- **Task requirements**
I would like the lines below, from the one with "硬質ウレタンフォームを吹き付" through the one with "Fahrzeug - Motorraum offen", copied exactly and without any pictures.

- **Material supplied**
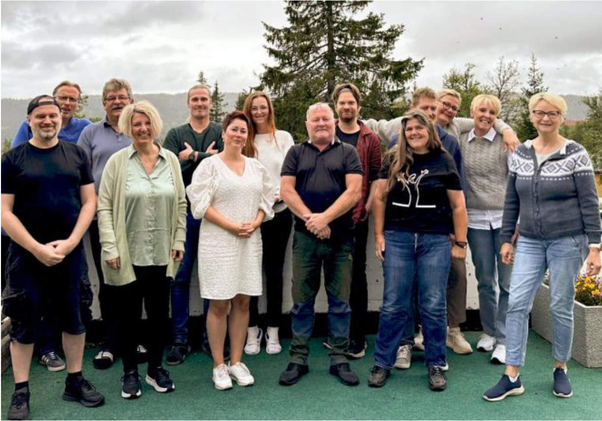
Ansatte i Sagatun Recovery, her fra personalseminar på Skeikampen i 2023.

==

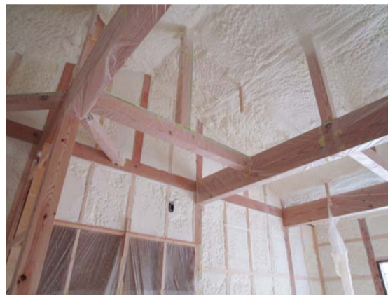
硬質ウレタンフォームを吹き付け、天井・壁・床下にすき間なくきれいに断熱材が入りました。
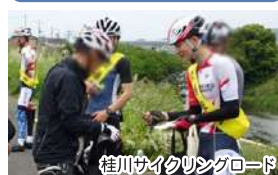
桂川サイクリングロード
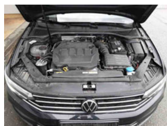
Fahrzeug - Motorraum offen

- **Exercise solution**
硬質ウレタンフォームを吹き付け、天井・壁・床下にすき間なくきれいに断熱材が入りました。
桂川サイクリングロード
Fahrzeug - Motorraum offen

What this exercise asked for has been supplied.